Закончив краткую инструкцию, старшина тронул за плечо ближайшего к нему солдата и взмахом руки увлёк за собой. Этим солдатом оказался мой отец, Михаил Маляревский.

— Игнат! Оставь докурить, — срываясь с места,  прокричал Михаил своему другу, —  я быстро…

Пробежав около сотни метров по дну траншеи,  они оказались у стопки деревянных ящиков с патронами, доставленных сюда ночью. Взяли по ящику и так же бегом метнулись к своему окопу. Не добежав и до середины пути, услышали мощный взрыв впереди.  Начался обстрел.

Ах, старшина, старшина! Какой же ты молодец — стреляный воробей! Всё-то ты знал и умел в пехотном деле. И других учил. И многие, благодаря твоим урокам, нещадно били врага, сохраняя свои жизни. А вот чего  ты не знал, так это возможности прямого попадания. Вернее, знал, но не хотел верить. Не мог и не желал  предугадать, что первый же вражеский снаряд ляжет точно в окоп твоего отделения. И раскидает изуродованные тела твоих бойцов окрест. Второй взрыв громыхнёт где-то позади. И изрыгнёт в тебя и твоего солдатика глыбину земли с роем осколков. И наступит убийственная тишина в ваших ушах, дремучая темнота в ваших глазах, и  помутится сознание…

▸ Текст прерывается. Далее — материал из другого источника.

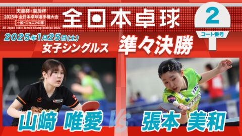 【見逃し配信】2025年全日本卓球選手権大会【5日目:1/25】:女子シングルス準々決勝 山﨑唯愛 vs 張本美和(コートNo.02)
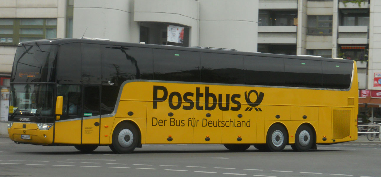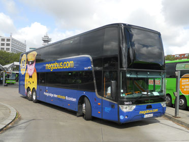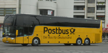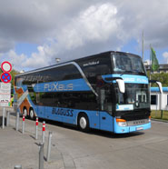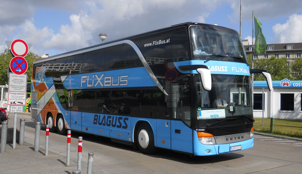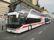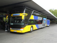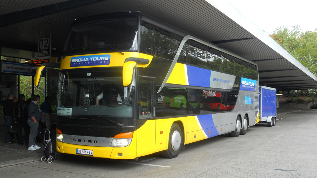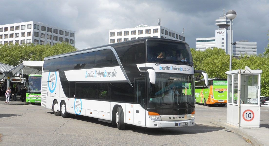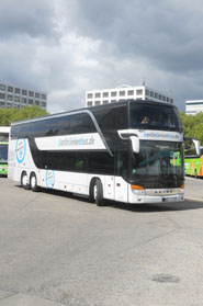 Setra double decker is seen leaving Berlin on the marathon 650km

Сколько это длилось — никто не знает. Взрывы ещё продолжались, когда мозги в голове моего отца вновь начали соображать. Он понял, что взрывной волной его выбросило прочь из траншеи. Слава Богу, в сторону нашего тыла. Рядом, наполовину присыпанный землёй, лицом кверху, лежал старшина. Его немигающие глаза спокойно смотрели в высокое небо…

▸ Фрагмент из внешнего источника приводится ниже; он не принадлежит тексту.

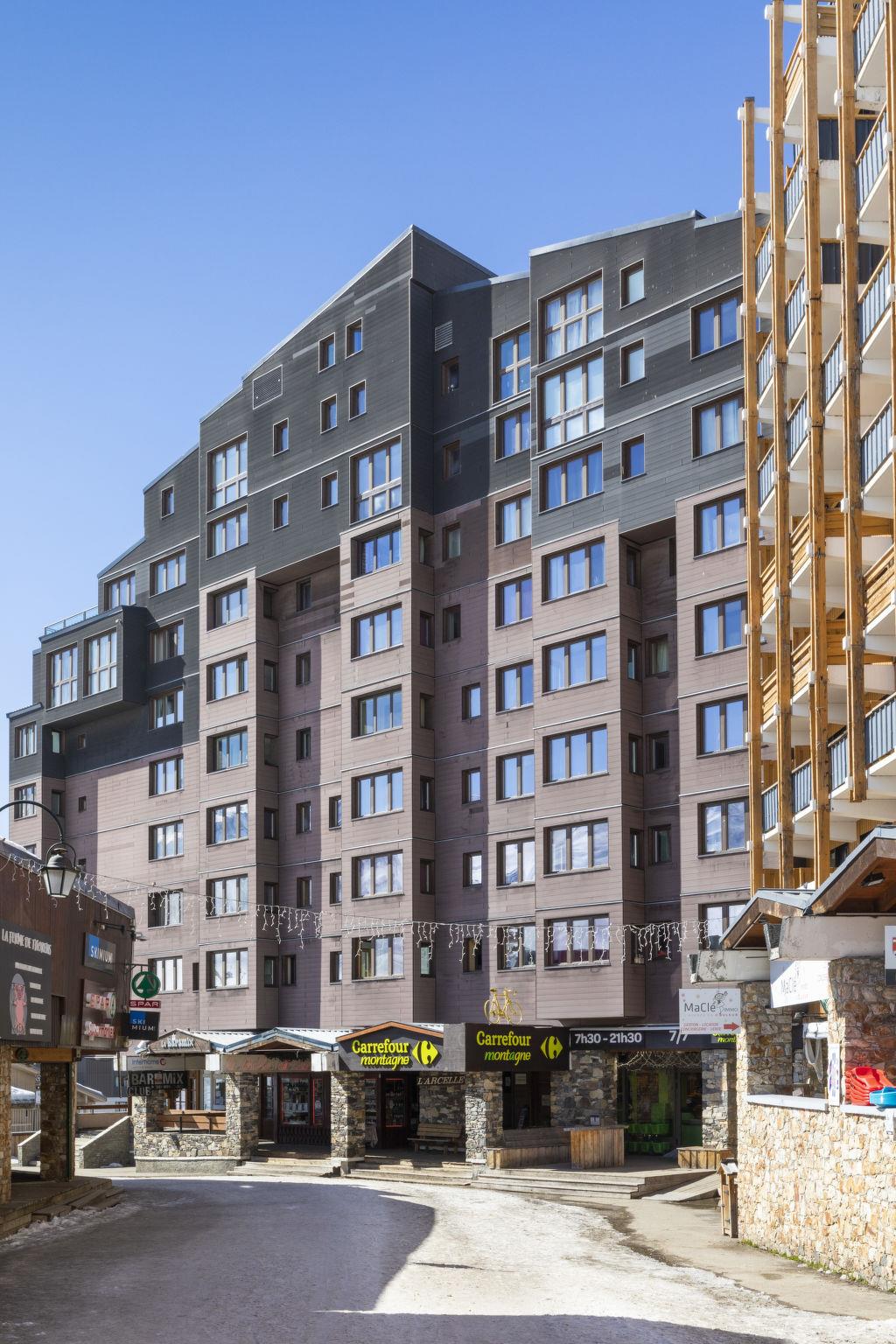 Very beautiful residence "Arcelle", 7 storeys. In the centre of la station, in a busy position, 100 m from the skiing area, in a pedestrian area. In the complex: lift, storage room for skis. In Winter: please take snow chains. Public car park at 50 m, extra. E-charging station. Shop 1 m, grocery, supermarket, shopping centre, restaurant, bar 2 m, bakery 15 m, café 5 m, pedestrian zone 2 m, bus stop 50 m, outdoor swimming pool 20 m. Sports centre 5 m, chair lift 50 m, gondola lift 150 m, skisport facilities 70 m, slopes 100 m, ski rental 2 m, ski bus stop 15 m, ski school 40 m, cross country ski track 1 km, ice rink 150 m. Nearby attractions: Les Menuires 1 km. Well-known ski regions can easily be reached: 3 Vallées. Well-known lakes can easily be reached: Lac du lou 1 km, Lac Menuires 800 m. Please note: baby equipment on request (extra). Groups of teenagers on request only. The owner does not accept any groups. In case of good snow conditions, the house is accessible on skis. The keys‘ handover takes place by the agency Interhome ValThorens. Additional accommodations can be booked. Neighbourhood highly sensitive to noise. Quietness and good behaviour expected.

И сообразил  Михаил, что он остался один, пока ещё живой. С трудом освободился от навалившейся на него земли, попытался отползти подальше. Не сразу понял, что ему мешало ползти, что или кто его держит за ноги. А когда посмотрел, увидел, что стопа правой ноги превратилась в бесформенное кровавое  хламьё, а от сапога остались только голенище да каблук. И наступила боль. И понял солдат, что надо во что бы то ни стало ползти к своим. А снаряды рвутся где-то рядом. Ползёт он, волоча за собой  раненную ногу.  А снаряды рвутся.  Лишь бы не потерять сознание… Лишь бы успеть… Лишь бы… Лишь бы…

Прислал А.М. Маляревский, Краснодарский край.